All Topics / Finance / Margin Lending- Shares
Having never dealt with Margin Lending, I was just wondering if anyone out there had a brief explanation of how it works.
State Manager
Wholesale Mortgage Lender that deals only with brokers.
20 years in Finance Industry
You get approval for a maximum margin loan amount, say $20,000. An interest rate will be attached to amounts drawn down – say around 8%.
Lenders will allocate a gearing percentage to a range of stocks according to their risk weightings. For example, CBA might be 80%.
Let’s say you decide to buy 500 CBA shares at $35 each, the total purchase price excluding fees would be $17,500. You don’t have this much or don’t want to put this much into the purchase so you decide to use your margin loan to the maximum allowed.
CBA is weighted at 80% so you need to put in $3,500 of your own money (and pay the fees). The balance, $14,000, will be drawn from your margin loan and will cost you 8% per annum. You will still have a $6,000 balance in the margin loan account for future purchases.

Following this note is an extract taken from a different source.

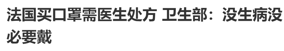 法国卫生部长不久后宣布:“法国将考虑禁止没生病的人戴口罩,如果没有医生开具的处方,则无法直接购买口罩。”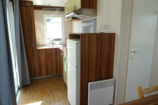 A VOIR! IRM Super mercure modèle Riviera. Bardage PVC couleur bois, double pente et double vitrage. Une entrée donnant sur l'espace jour, avec coin repas pouvant être indépendant, et coin salon. Une double porte vitrée s'ouvre sur la cuisine, apportant une belle luminosité; La cuisine dispose d'un réfrigérateur-congélateur, d'une hotte ainsi que de nombreux rangements. 2 belles chambres, avec chevets, rangements et penderie; Convecteur supplémentaire dans les 2 chambres; Salle d'eau avec meuble sous vasque, douche, tablettes de rangement et convecteur. WC séparé. Mobil home très lumineux et fonctionnel; Le plus: Isolation renforcée. Transport inclus 50 km; TVA récupérable.

If the share price increases, the LVR decreases allowing you to buy more. In some margin loans, your balance will also be increased. If the prices decrease, the LVR increases. As you have available funds in your margin loan, you might not be required to do anything but you will often experience a margin call.
A margin call is where the lender will ask you to put in more money to bring the LVR back down to 80%. They usually hold a direct debit authority for the interest payments so they can also just draw the margin call funds from your transaction account if required.
The interest on the margin loan is tax deductible but you will need to have dividends or share price growth that exceed the cost of funds by an acceptable margin to make this investment worthwhile.
Robert Bou-Hamdan
Mortgage AdviserHey Rob, Thanks for the explanation.
Another question. How do Margin Lenders work out what shares are okay to lend against. What if somebody had $3mil worth of shares in a company thats share price is around the 0.60c mark would lenders look at this even with a really low lvr (20% mark).
Thanks
State Manager
Wholesale Mortgage Lender that deals only with brokers.
20 years in Finance Industry
It has nothing to do with volume and price. The margin lenders assess the actual companies and assign a risk-weighting to them. These often change.
You will find that most available shares are blue-chips or large organisations. Have a look at Commonwealth Securities for a good explanation with examples…
http://www.comsec.com.au/PublicAccess/default.asp?Page=MLD
A list of their acceptable shares can be viewed by running your mouse over ‘Accepted Security’ and then clicking ‘Accepted Shares’.